Showing posts with label going gray. Show all posts
Showing posts with label going gray. Show all posts

Friday, April 23, 2010

To Gray Or Not Too Gray

image

I’ve been going gray since I was 24.

The shock came on an Easter morning. I had just washed my hair and was blow drying, getting ready for church. Something glisteny (that’s a word as of now) caught my attention in the glare of the bathroom lights. I dove in after it like I’d just discovered fleas.

I could not believe my eyes and immediately ripped it out. I was quite sure it was a freakish anomaly and now that it had been annihilated, I could proceed with my youth.

The thought did occur to me that three more gray hairs were supposed to take its place. Just an old wives tale, I reassured myself, and proceeded to kiss Denial right on the lips.

But those old wives are much maligned and they get even by being right.

Consequently, I began a serious relationship with “Sun-In.”

Now, in case you’ve never used this fine product, I should explain that Sun-In is supposed to make your hair look like you’ve spent a scintillating summer frolicking in dazzling light rays. It’s designed to impart the color of young locks and lend highlights and streaks to your carefree, tousled hair. You exude an aura of babe-a-liciousness. And it does that about as effectively as an orange spray tan resembles softly burnished skin, fresh from tropical beaches.

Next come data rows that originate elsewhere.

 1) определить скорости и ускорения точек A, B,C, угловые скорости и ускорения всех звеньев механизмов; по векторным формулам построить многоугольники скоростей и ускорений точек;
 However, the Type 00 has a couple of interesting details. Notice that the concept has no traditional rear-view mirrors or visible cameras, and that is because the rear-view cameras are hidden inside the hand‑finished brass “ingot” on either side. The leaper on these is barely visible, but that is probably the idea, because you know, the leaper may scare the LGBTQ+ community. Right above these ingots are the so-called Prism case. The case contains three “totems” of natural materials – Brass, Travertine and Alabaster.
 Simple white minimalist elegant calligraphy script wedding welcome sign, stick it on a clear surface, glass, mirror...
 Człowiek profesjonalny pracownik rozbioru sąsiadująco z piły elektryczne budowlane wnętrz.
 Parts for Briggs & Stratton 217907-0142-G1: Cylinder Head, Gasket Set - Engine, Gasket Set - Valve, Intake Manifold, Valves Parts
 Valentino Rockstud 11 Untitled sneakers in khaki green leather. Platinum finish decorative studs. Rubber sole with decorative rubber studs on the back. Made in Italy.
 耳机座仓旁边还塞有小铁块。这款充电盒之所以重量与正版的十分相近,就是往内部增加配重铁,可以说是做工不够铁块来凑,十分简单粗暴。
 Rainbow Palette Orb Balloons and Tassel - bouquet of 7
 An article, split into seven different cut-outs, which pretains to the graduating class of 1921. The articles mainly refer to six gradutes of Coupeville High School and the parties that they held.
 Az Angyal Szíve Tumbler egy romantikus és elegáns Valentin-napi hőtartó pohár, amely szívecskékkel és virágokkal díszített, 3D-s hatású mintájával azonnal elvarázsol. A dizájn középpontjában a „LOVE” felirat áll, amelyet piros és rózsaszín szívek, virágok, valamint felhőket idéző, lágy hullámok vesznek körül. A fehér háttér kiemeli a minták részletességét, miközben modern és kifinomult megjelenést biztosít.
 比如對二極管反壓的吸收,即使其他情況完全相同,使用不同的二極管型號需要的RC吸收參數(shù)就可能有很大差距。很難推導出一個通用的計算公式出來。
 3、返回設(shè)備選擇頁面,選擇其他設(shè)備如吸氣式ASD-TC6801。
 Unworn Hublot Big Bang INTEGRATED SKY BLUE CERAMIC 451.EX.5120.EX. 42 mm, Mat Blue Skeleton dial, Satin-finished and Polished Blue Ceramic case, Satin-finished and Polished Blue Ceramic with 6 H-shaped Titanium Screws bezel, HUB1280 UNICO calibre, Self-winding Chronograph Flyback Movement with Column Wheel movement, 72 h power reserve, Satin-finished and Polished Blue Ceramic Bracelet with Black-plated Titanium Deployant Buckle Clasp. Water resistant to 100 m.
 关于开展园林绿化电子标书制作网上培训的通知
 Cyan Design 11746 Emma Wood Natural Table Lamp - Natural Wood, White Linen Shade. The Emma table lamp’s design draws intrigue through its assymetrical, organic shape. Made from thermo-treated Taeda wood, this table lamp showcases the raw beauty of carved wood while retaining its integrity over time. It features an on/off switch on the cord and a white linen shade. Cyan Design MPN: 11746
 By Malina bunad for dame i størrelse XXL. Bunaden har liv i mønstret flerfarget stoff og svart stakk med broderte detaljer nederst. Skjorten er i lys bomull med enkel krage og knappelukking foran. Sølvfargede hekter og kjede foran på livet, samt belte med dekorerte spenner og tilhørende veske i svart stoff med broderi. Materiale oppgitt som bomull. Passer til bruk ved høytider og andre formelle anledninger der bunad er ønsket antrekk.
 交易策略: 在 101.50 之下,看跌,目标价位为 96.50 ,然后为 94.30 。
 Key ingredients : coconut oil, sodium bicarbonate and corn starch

I’m pretty sure the look I affected was closer to the Straw Man (Scarecrow) in the Wizard of Oz. But not as attractive. My boyfriend du jour summed it up with “What did you do to your hair?” Well, I recaptured my youth (as a hay stack), thank you very much.

A few years and job promotions later, I was in the luxurious financial position to have my hair foiled fairly regularly. This is achieved by taking small strands of hair, brushing them with a bleaching agent, wrapping each piece in tin foil, and not stopping until you resemble an aluminum Christmas tree. The general effect is a masking of your gray and it works well until you have so much gray mixed in with the blonde that it looks like you’re having a May/December relationship with yourself.

Enter coloring.

This would hide the whole mess, I figured. (Well, except during outgrowth periods which consumed 9/10ths of the period between coloring and recoloring.) So I went lighter. And the lighter was so light it matched my nearly white hair which was good for outgrowth but then, what was the point of coloring? And if I was going to have nearly white hair, why not have white hair? Well, I reasoned, because I was a blonde at heart. I was born a tow-head – yes, almost white, but with golden highlights. And I was always a blonde, even when it darkened as I got older. It made sense then to move away from gray/white and back toward more golden shades. And everyone was fooled and thought I actually looked 13 even though I was 45.

And then one morning, about six months ago, I asked Grizzly what he would think if I raised the white flag over my white hair. He said surrender was decidedly French but he’d love me anyway. Maybe more, if I came with a side of fries.

So I grew out. And not just horizontally.

It is a fascinating occupation to watch your actual, real, bonafide, genuine hair color appear. My blonde had become pretty light again so it wasn’t striking, but it was noticeable. My hairdresser friends said blend it. I said no. It would only delay what I was trying to achieve: the unvarnished truth of my real hair color. And with each haircut, more silvery white appeared and the blonde tips were fading and disappearing. I currently lack one hair cut being completely done. (Pictures will follow when I am.)

And what do I think?

I am trying to figure out why I waited so long. It’s deliciously freeing. As I suspected, it’s decidedly silver, almost white. I don’t recognize myself in photos. I sometimes think I look like I overdid it in the coloring department. Then I remember: that IS my color. I can’t quite get over myself yet but I’m starting to actually love it.

I’m a tow head again just like when I was a mere infant - minus the golden highlights, sun-suit, and the diaper. I don’t think the golden highlights or the sun-suit will ever make a reappearance.

Let’s hope the same holds true on the diaper.